Testing & Conformance

The reference implementation comes with 100% test coverage. To run the conformance selftest from the repository root use poetry run python -m iscc_core. To run the complete test suite use poetry run pytest.

To build a conformant implementation work through the follwing top level entrypoint functions:

gen_meta_code_v0
gen_text_code_v0
gen_image_code_v0
gen_audio_code_v0
gen_video_code_v0
gen_mixed_code_v0
gen_data_code_v0
gen_instance_code_v0
gen_iscc_code_v0

The corresponding test vectors can be found in iscc_core/data.json.

ISCC Architecture

ISCC Architecture

ISCC MainTypes

Idx Slug Bits Purpose
0 META 0000 Match on metadata similarity
1 SEMANTIC 0001 Match on semantic content similarity
2 CONTENT 0010 Match on perceptual content similarity
3 DATA 0011 Match on data similarity
4 INSTANCE 0100 Match on data identity
5 ISCC 0101 Composite of two or more components with common header

Installation

Use the package manager pip to install iscc-core as a library.

pip install iscc-core

Quick Start

import json
import iscc_core as ic

meta_code = ic.gen_meta_code(name="ISCC Test Document!")

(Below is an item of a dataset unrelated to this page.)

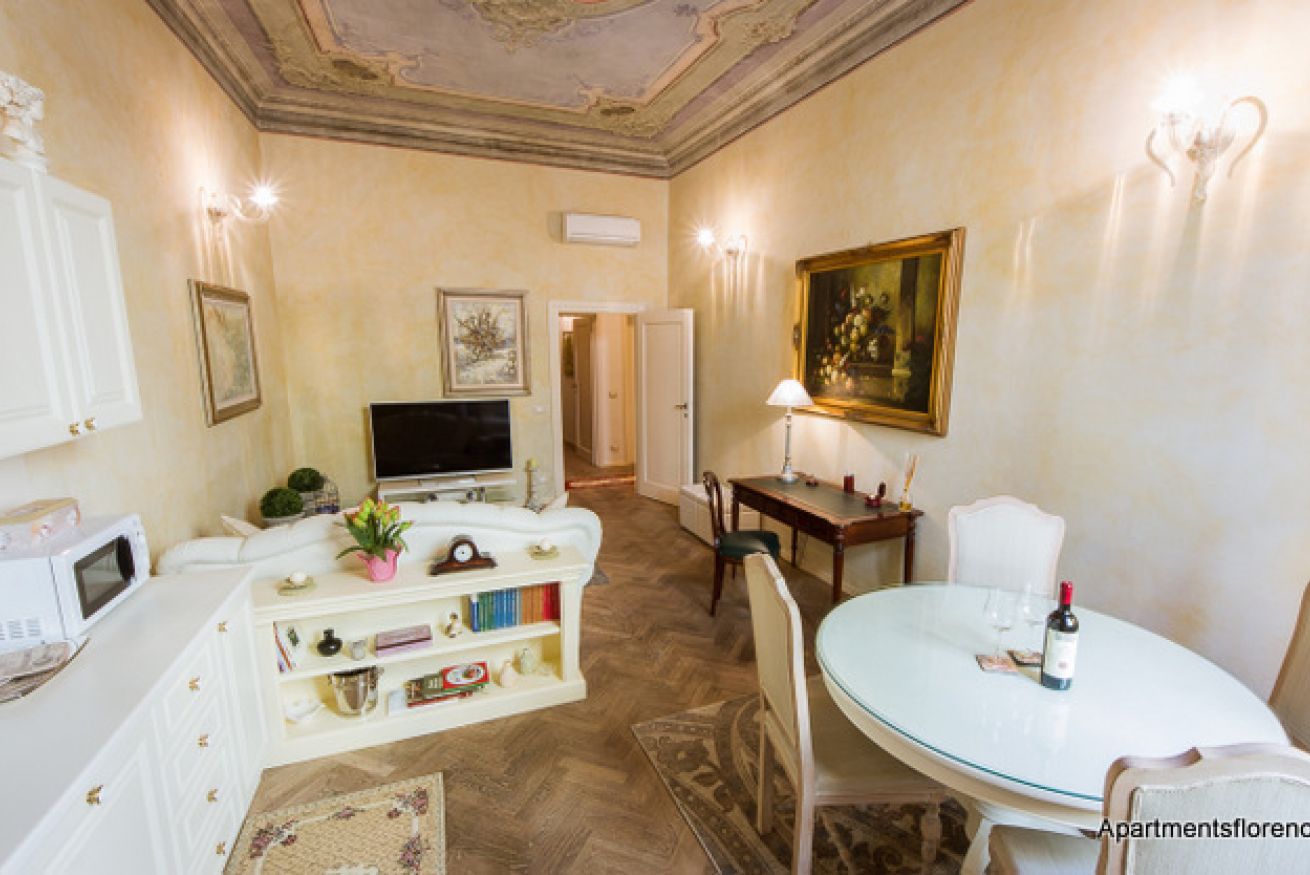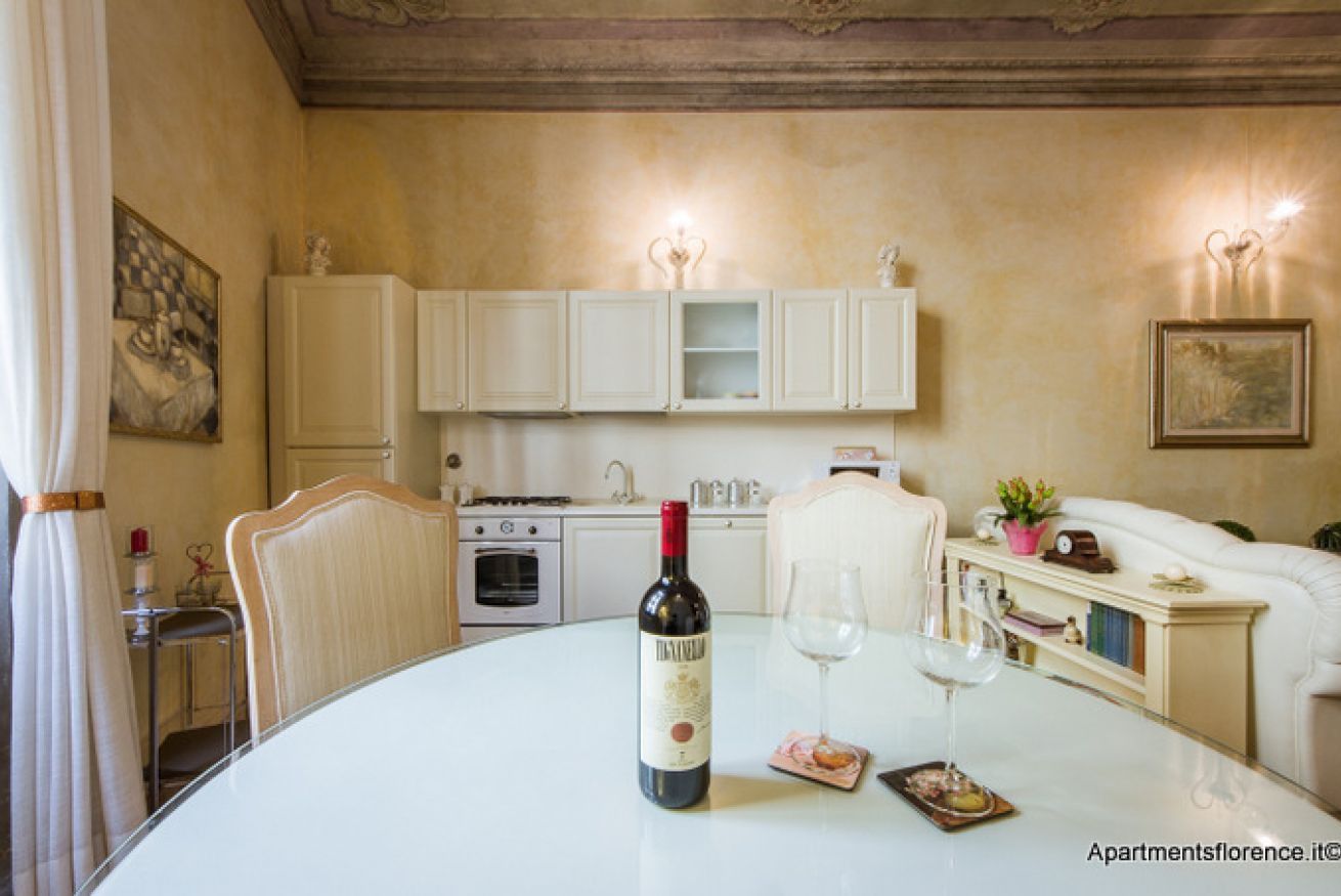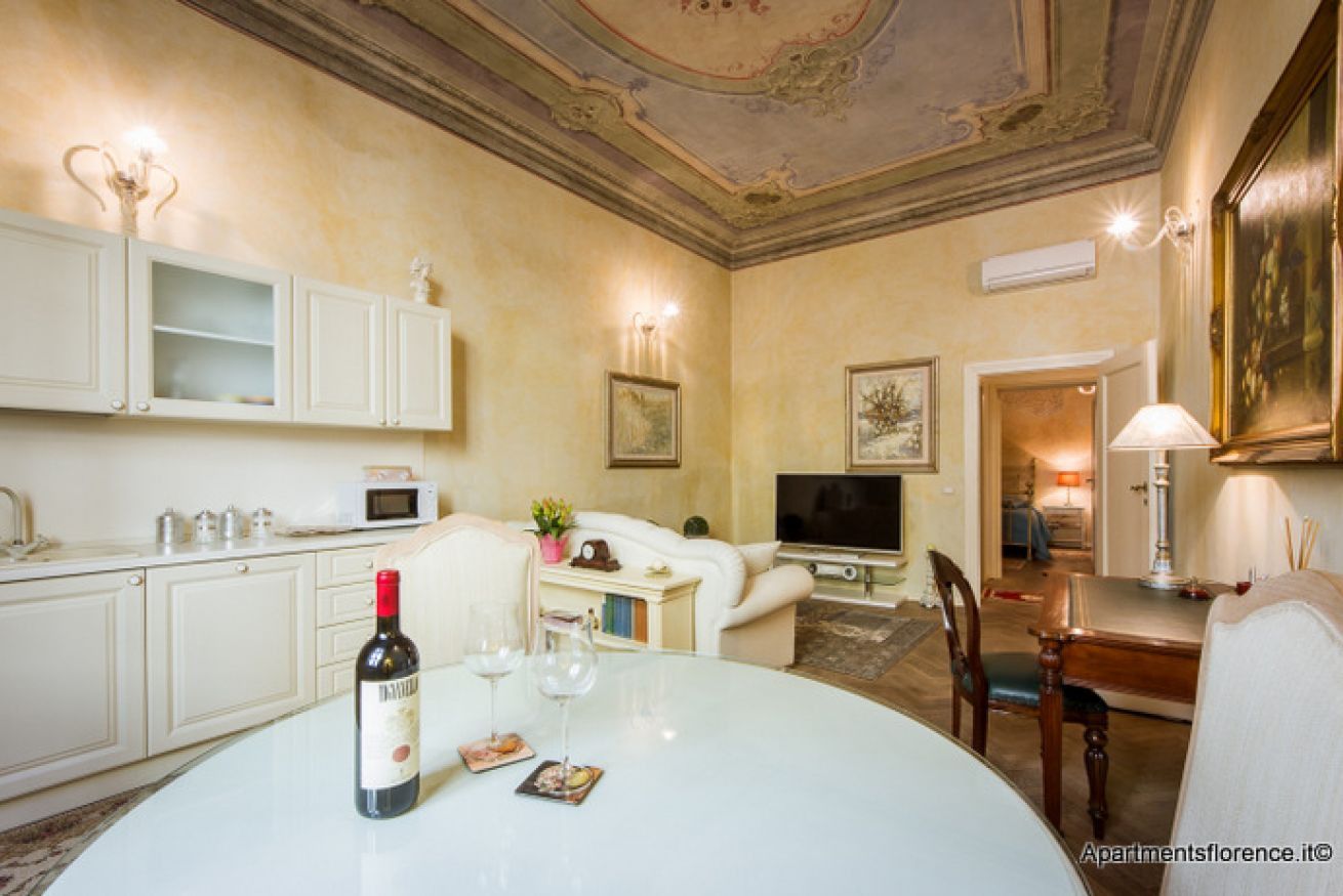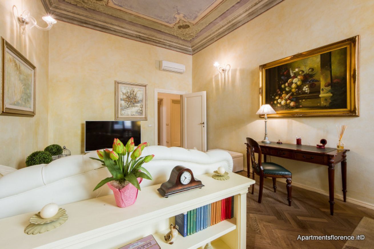 Questo appartamento magnificamente ristrutturato ed arredato si trova al primo piano di un antico elegante palazzo di Via Ghibellina, a due passi da Piazza Santa Croce.

print(f"Meta-Code:     {meta_code['iscc']}")
print(f"Structure:     {ic.iscc_explain(meta_code['iscc'])}\n")

# Extract text from file
with open("demo.txt", "rt", encoding="utf-8") as stream:
    text = stream.read()
    text_code = ic.gen_text_code_v0(text)
    print(f"Text-Code:     {text_code['iscc']}")
    print(f"Structure:     {ic.iscc_explain(text_code['iscc'])}\n")

# Process raw bytes of textfile
with open("demo.txt", "rb") as stream:
    data_code = ic.gen_data_code(stream)
    print(f"Data-Code:     {data_code['iscc']}")
    print(f"Structure:     {ic.iscc_explain(data_code['iscc'])}\n")

    stream.seek(0)
    instance_code = ic.gen_instance_code(stream)
    print(f"Instance-Code: {instance_code['iscc']}")
    print(f"Structure:     {ic.iscc_explain(instance_code['iscc'])}\n")

# Combine ISCC-UNITs into ISCC-CODE
iscc_code = ic.gen_iscc_code(
    (meta_code["iscc"], text_code["iscc"], data_code["iscc"], instance_code["iscc"])
)

# Create convenience `Code` object from ISCC string
iscc_obj = ic.Code(iscc_code["iscc"])
print(f"ISCC-CODE:     {ic.iscc_normalize(iscc_obj.code)}")
print(f"Structure:     {iscc_obj.explain}")
print(f"Multiformat:   {iscc_obj.mf_base32}\n")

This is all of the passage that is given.